Finance Minister Arun Jaitley. 
Finance Minister Arun Jaitley.  
Economy

Jaitley’s Fiscal Math Is Looking No Different From Chidambaram’s ‘Fudgenomics’

ByR Jagannathan

NDA’s ‘fudgenomics’ has upped the dishonesty in budget math, taking it nearly back to the level it was under the UPA.

If the NDA comes back to power, it will have a lot of fiscal cleaning up to do.

With every passing month, and especially with election season upon us, the National Democratic Alliance’s (NDA’s) fiscal contortions are closing the dishonesty gap with the United Progressive Alliance’s (UPA’s) fundamentally dodgy budget math. Arun Jaitley’s ‘fudgenomics’ is different from P Chidambaram’s fiscal legerdemain only in a matter of degree.

Even when the going was good, Chidambaram in UPA-I hid his fiscal deficits by issuing oil and fertiliser bonds instead of showing the subsidies as part of government expenditures in his budget; the remaining subsidies were forced to be borne by the upstream and downstream oil companies, from Oil and Natural Gas Corporation (ONGC) to Indian Oil, Bharat Petroleum Corporation Limited (BPCL) and Hindustan Petroleum Corporation Limited (HPCL).

Then, when the going got tougher in UPA-II, he forced public sector companies to fork out special dividends to the government, and the Life Insurance Corporation (LIC) was repeatedly asked to bail out disinvestment flop stories, even while other public sector companies (especially in the oil sector) were asked to buy shares owned by the government, with the dubious logic of building strategic cross-holdings. The underlying logic, though, was not synergies in the oil sector, but fiscal needs. UPA economics was fudge, fudge and more fudge.

Now consider Jaitley’s policies. After maintaining a relatively clean record in the first three years, from the last fiscal (2017-18) ‘fudgenomics’ began to reappear. We saw ONGC being forced to dig deep into its pockets and borrow money from the banks to buy HPCL, when a simple share swap or transfer could have achieved the same synergies. LIC was repeatedly asked to bail out flop disinvestment stories like General Insurance Corporation (GIC) and New India Assurance, and more recently was offered IDBI Bank for a cash payout to the government. More recently, under pressure from a media-led outcry against high petrol and diesel prices, oil marketing companies were asked to bear some of the burden of price cuts (Re 1 per litre), which has since been drowned out by global oil price increases. And, borrowing yet another dubious trick from the UPA playbook, Jaitley is asking public sector companies to buy back shares in the range of Rs 10,000-20,000 crore.

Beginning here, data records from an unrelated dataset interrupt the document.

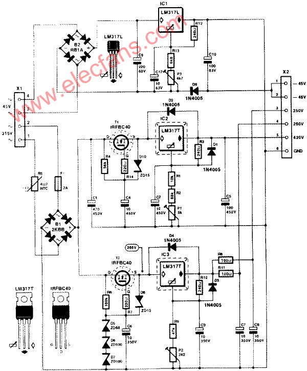 供電子管前置放大用的高壓電源:這款供電裝置能為電子管前置放大器提供無交流聲的穩(wěn)定工作電壓。也包括提供負偏置電壓。電子管音頻放大器電路都需要有一個高電壓電源。對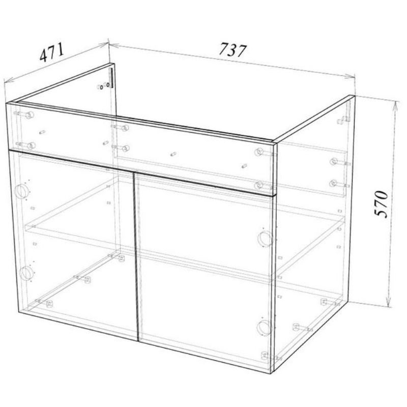 В комплекте: навесы регулируемые 2шт., шуруп Г-образный с дюбелем для крепления к стене 2 шт., ручки 2 шт.Дополнительно комплектуется: умывальник Анита 75 см 10.150.00750.001, столешница СТ_106.750_PVC,мр.зол, смеситель, сифон. |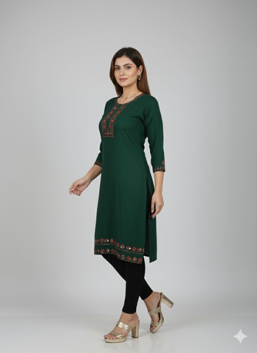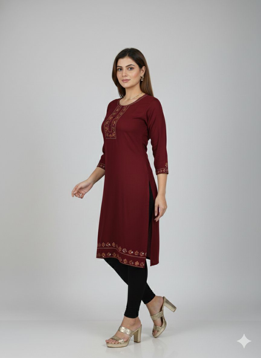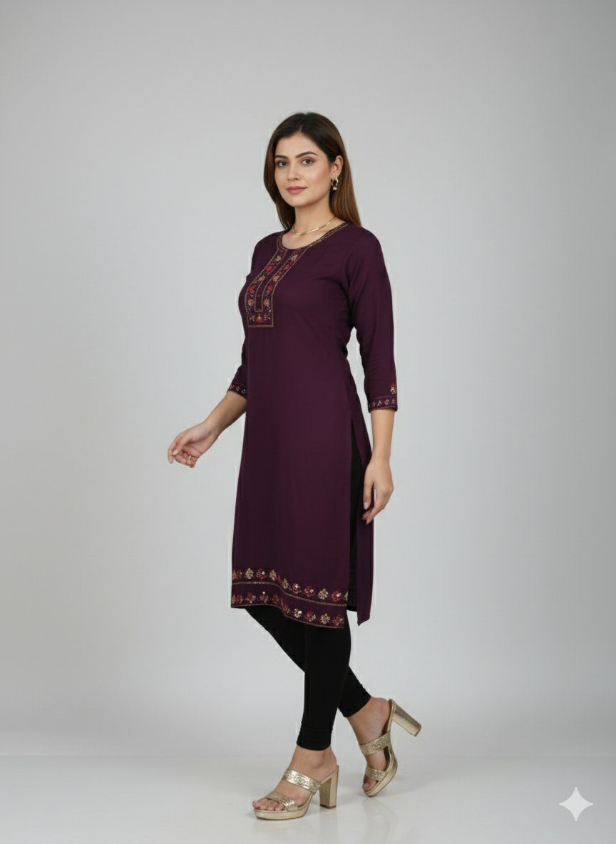 Shining Girl Women's Embroidered Kurti - Plus Size Available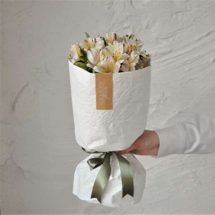 Белый мини букет из альстромерий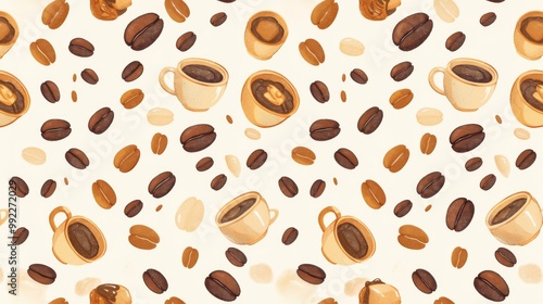 © kkkiim graphic, Obraz premium Minimalist Coffee Bean Mug Cup Seamless Pattern on a White Background

In the last two years of its five-year tenure, ‘Modinomics’ is looking a lot like ‘Manmohanomics’, twins joined at the hip by bad accounting practices, and separated by political compulsions alone.

When Swarajya met the Prime Minister in June, one of the questions we asked was why the incoming NDA government did not restate accounts when a lot of the expenses for UPA-II’s last year in power (2013-14) had been pushed back to 2014-15 for payouts. Thus, the NDA started out with a bigger fiscal deficit than what Chidambaram claimed in his interim budget.

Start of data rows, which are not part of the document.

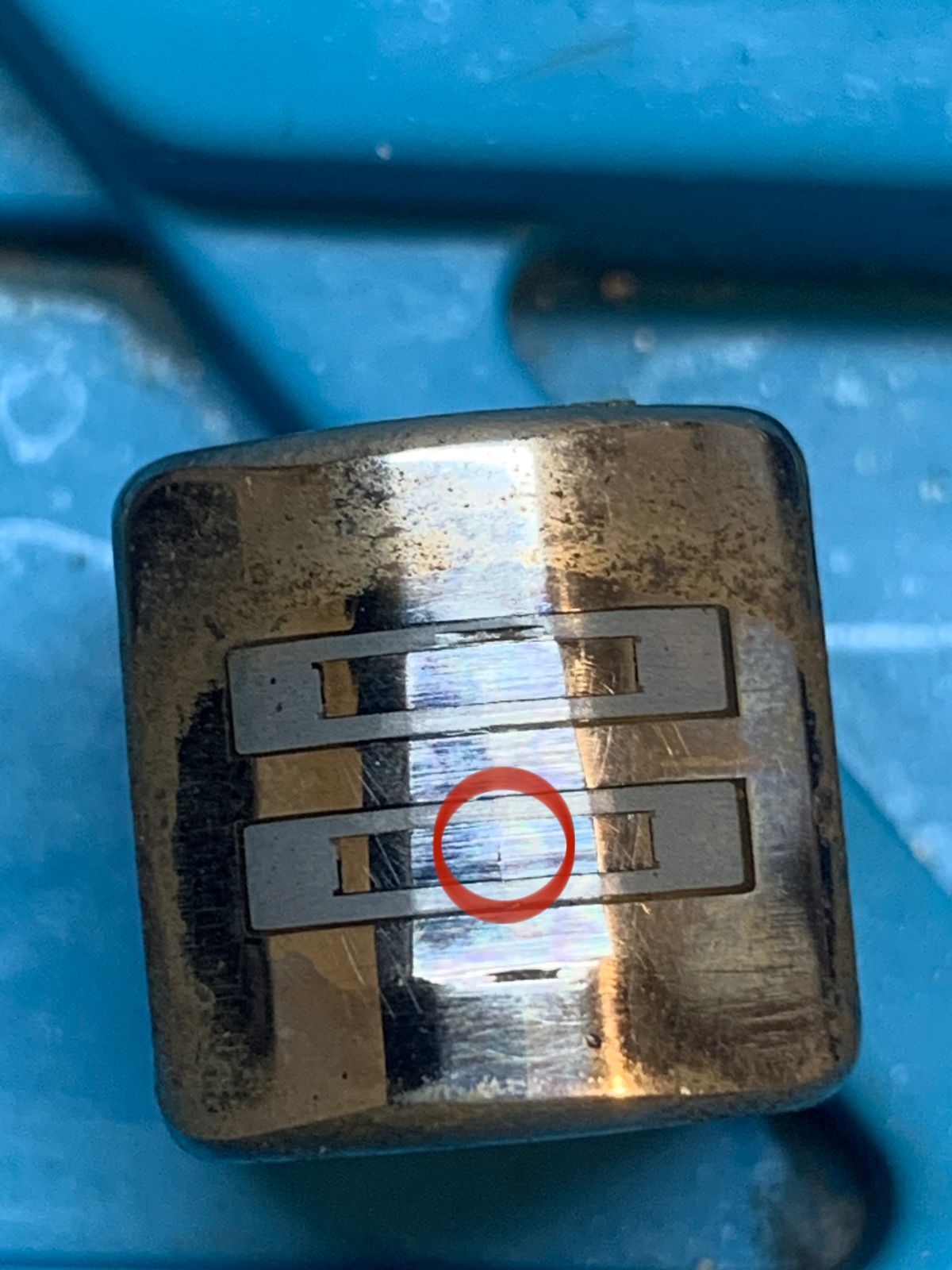 Так как таких держателей предохранителей у меня нет, решил проблему путем пайки отломанных и поврежденных лепестков к основанию гнезд, держатся крепко, повезло что материал этих держателей легко лудится. Далее осмотр головок и тут при приближении удалось заметить, что ввиду мех контакта с лентой, со временем образовался значительный износ, приведший к вскрытию зазора головки записи: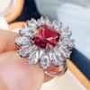 Neuer Deluxe-Ring mit floralem rotem Zirkonia für Damen, glänzendes Finger-Zubehör, Jubiläums-Party-Geschenk, Premium-Damen-Schmuck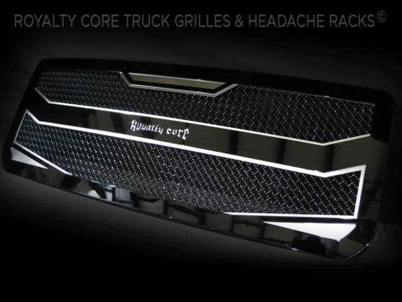 Royalty Core's proprietary corrosion resistant stainless technology creates the most durable grille on the planet. It's engineered to exploit the cleanest installation possible for your specific truck model. This Royalty Core grille is customized to best match your truck with military grade strength you can count on such as a 12 gauge stainless steel construction, optimal mounting brackets, CNC precision machined brackets, frame, and logos, hand fabricated, all gloss surfaces are buffed to a deep smooth mirrored finish, triple chrome plated T304 stainless studs around frame with star flange design, stainless super woven mesh, and absolutely no plastic. Royalty Core offers the industry's largest customized line of grilles and logos available.

Modi’s reply was that he chose rashtraneeti over rajneeti, and accepted the UPA fudge as a given without giving it a political spin. He said: “in 2014, one of the key agendas of the BJP’s election campaign was highlighting the dismal management of the Indian economy, ironically under an ‘economist’ prime minister and a ‘know-it-all’ finance minister.

“We all knew that the economy was in the doldrums but since we were not in government, we naturally did not have the complete details of the state of the economy. But, what we saw when we formed the government left us shocked! The state of the economy was much worse than expected. Things were terrible. Even the budget figures were suspicious.

“When all of this came to light, we had two options – to be driven by rajneeti (political considerations) or be guided by rashtraneeti (putting the interests of India first). Rajneeti, or playing politics on the state of the economy in 2014, would have been extremely simple as well as politically advantageous for us. On the other hand, there was rashtraneeti, where more than politics and one-upmanship, reform was needed.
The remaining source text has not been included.